Q evangelists use real-world examples, like that of powerful sex trafficker Jeffrey Epstein, to point to documented child abuse. From there, they begin introducing more and more outrageous stories, some rooted in kernels of reality and others completely divorced from it. Once a person begins to question their accepted worldview — and decides mainstream narratives can’t be trusted — they become more susceptible to increasingly outlandish, baseless claims. (And for those who think this is an unprecedented level of mass delusion, look back at the 1980s Satanic Panic for examples of people who went to jail because of the hysteria around “satanism.”)
Even Facebook apparently knows its groups are creating a massive problem. A recent Wall Street Journal story reported that Facebook data scientists found 70% of its 100 most popular civic groups in the U.S. were “non-recommendable.” Common reasons were “calls to violence,” bullying and harassment and proliferating misinformation.
“Social media has this amazing self-siloing effect,” Kelly said. “Quite often what will happen in these groups is one admin or moderator will say, ‘It’s getting weird,’ and then they will make their own group.

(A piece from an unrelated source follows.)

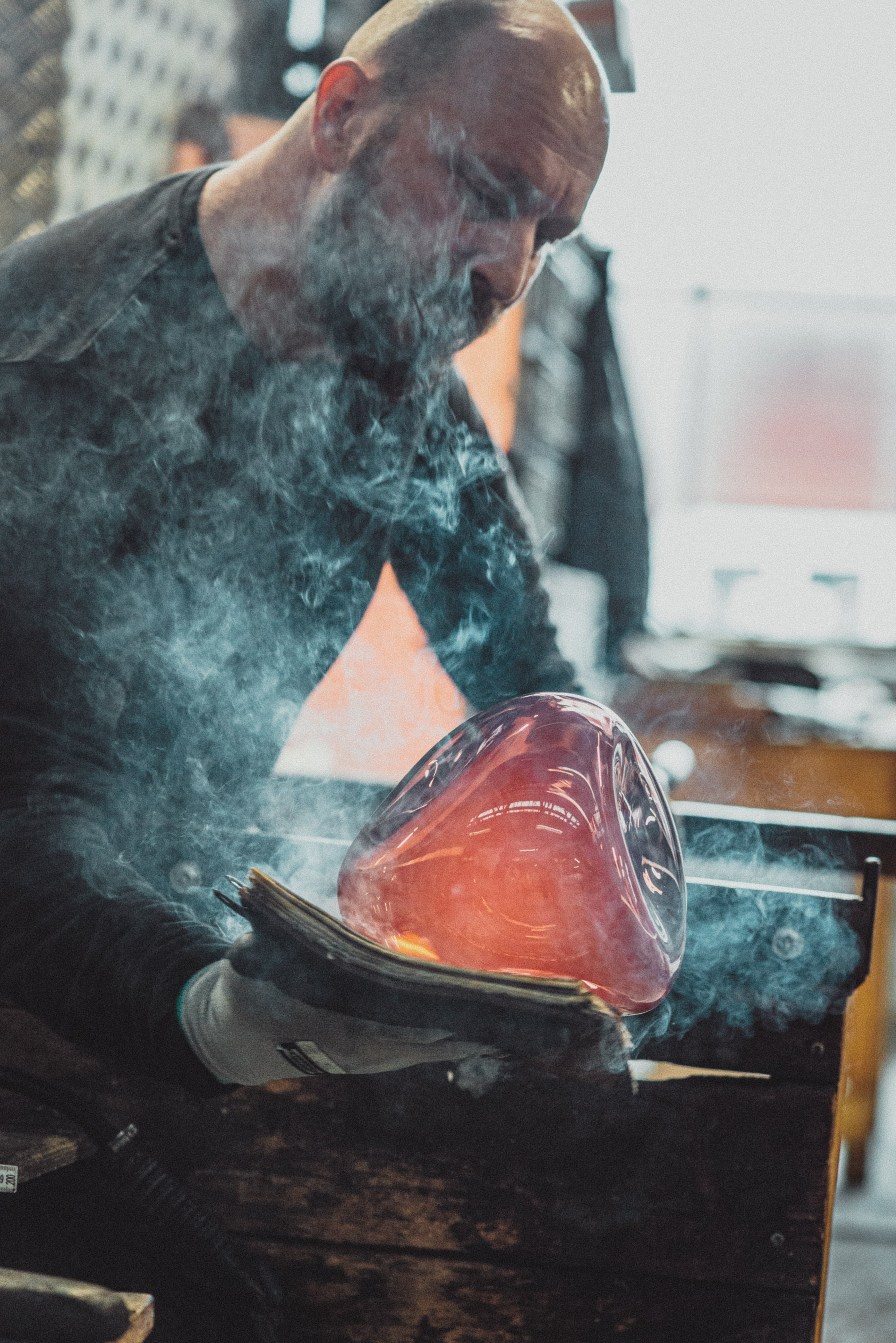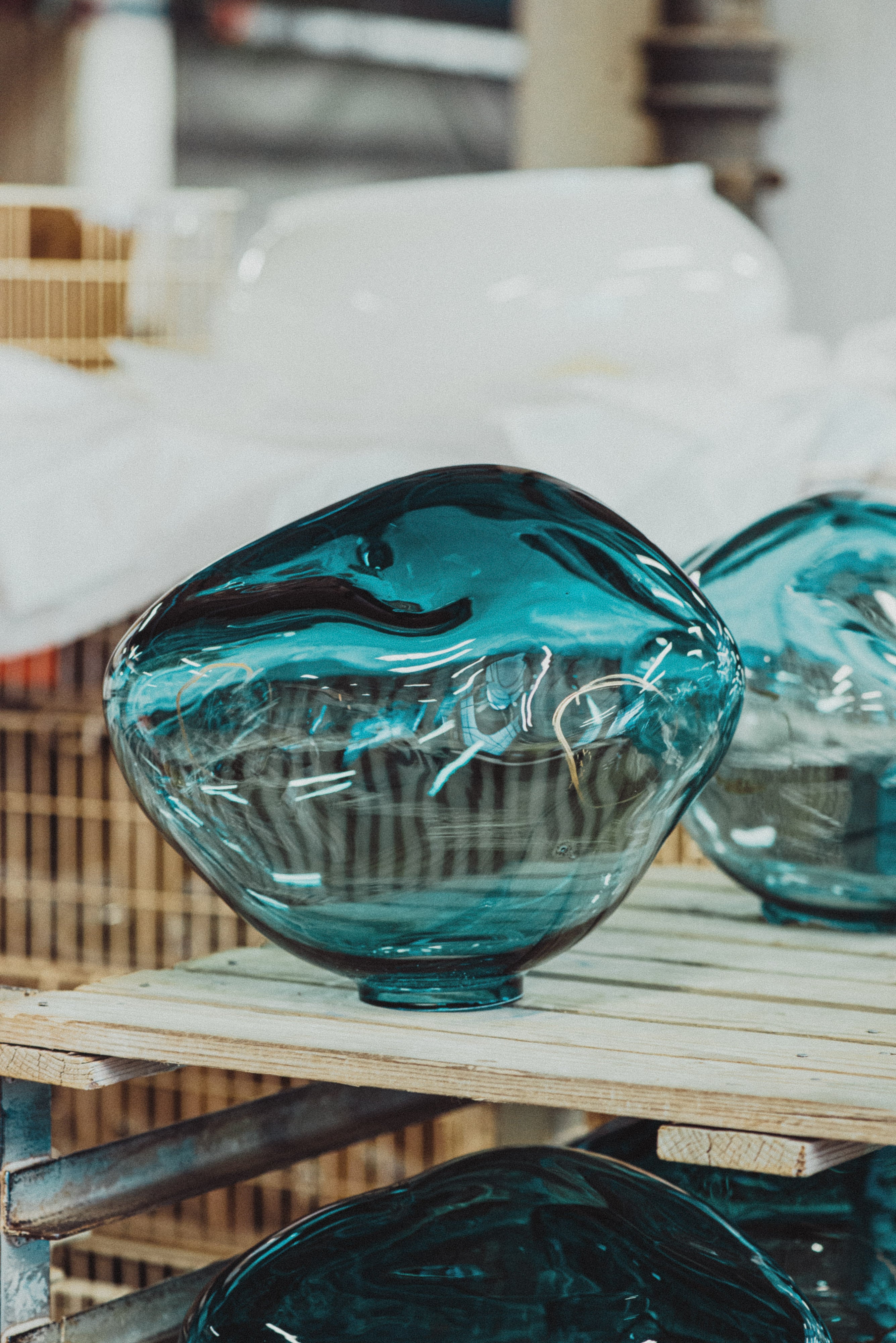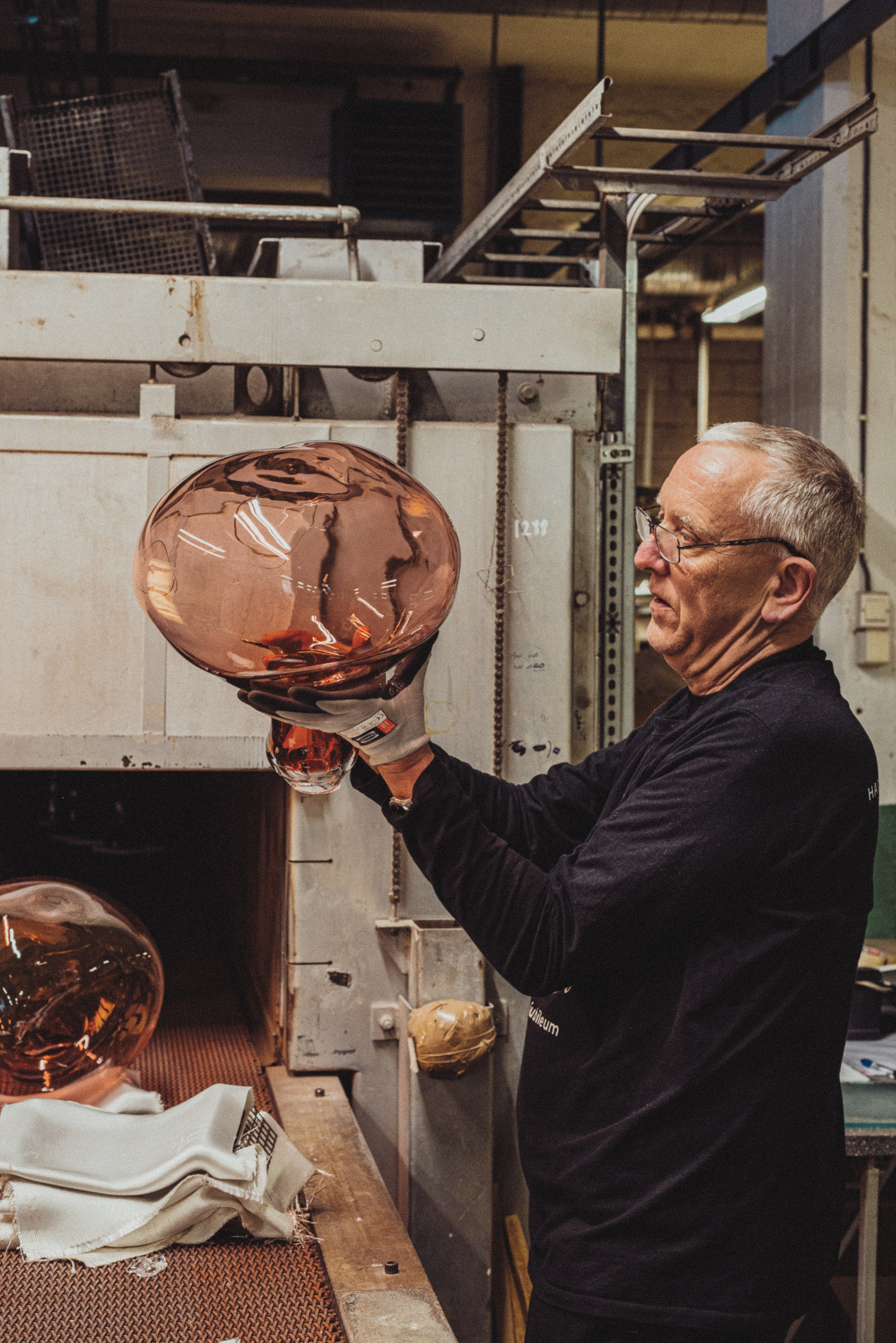 Akkurat som steinene formes av vann, vind og vegetasjon, former våre dyktige glassblåsere hver lampe for hånd. Den glødende glassmassen er i konstant bevegelse – et spill mellom glass, lys og farger som skaper noe helt spesielt. De dempede fargetonene harmonerer med naturens egen palett som skifter uttrykk med årstidene.

It also creates a self-radicalizing echo chamber in a way. You’ve taken away anyone who might push back against that.”
Kelly noticed that whenever she joins a Facebook parenting group, she gets dozens of friend requests from its members. She suspects online far-right researchers are often seeing just the tip of the iceberg, and that much of the intense, rapid radicalization happens in private messages, especially as social media companies crack down on QAnon content in their public spaces.
“Because they lost their platform and their footprint — at least their organizing engine — we’re beginning to see this shift to peer-to-peer channels,” said Angelo Carusone, president of Media Matters for America, a left-leaning watchdog organization that studies conservative media.
While some QAnon believers who staked their worldview on Trump winning a second term are experiencing moments of doubt, the believers who are obsessed with fantasies of rampant, secret child sex trafficking have gone on relatively unfazed. They’re also spreading QAnon internationally, because their brand of conspiracy theory is less reliant on the machinations of an American president. It’s possible “save the children” may even become its own standalone subsect of QAnon, reliant not on messages from their anonymous information source but self-sustained with an endless stream of online fear-mongering among parenting groups and mom influencers.
“They’re incredibly useful for recruitment. It’s often men who make headlines because they kill someone or rise to a position of political prominence. But women are always there,” Kelly said.
“QAnon’s cleverness has been not to prescribe along gender lines, which has opened themselves up to the biggest pool of people. And you can have these women front and foremost.”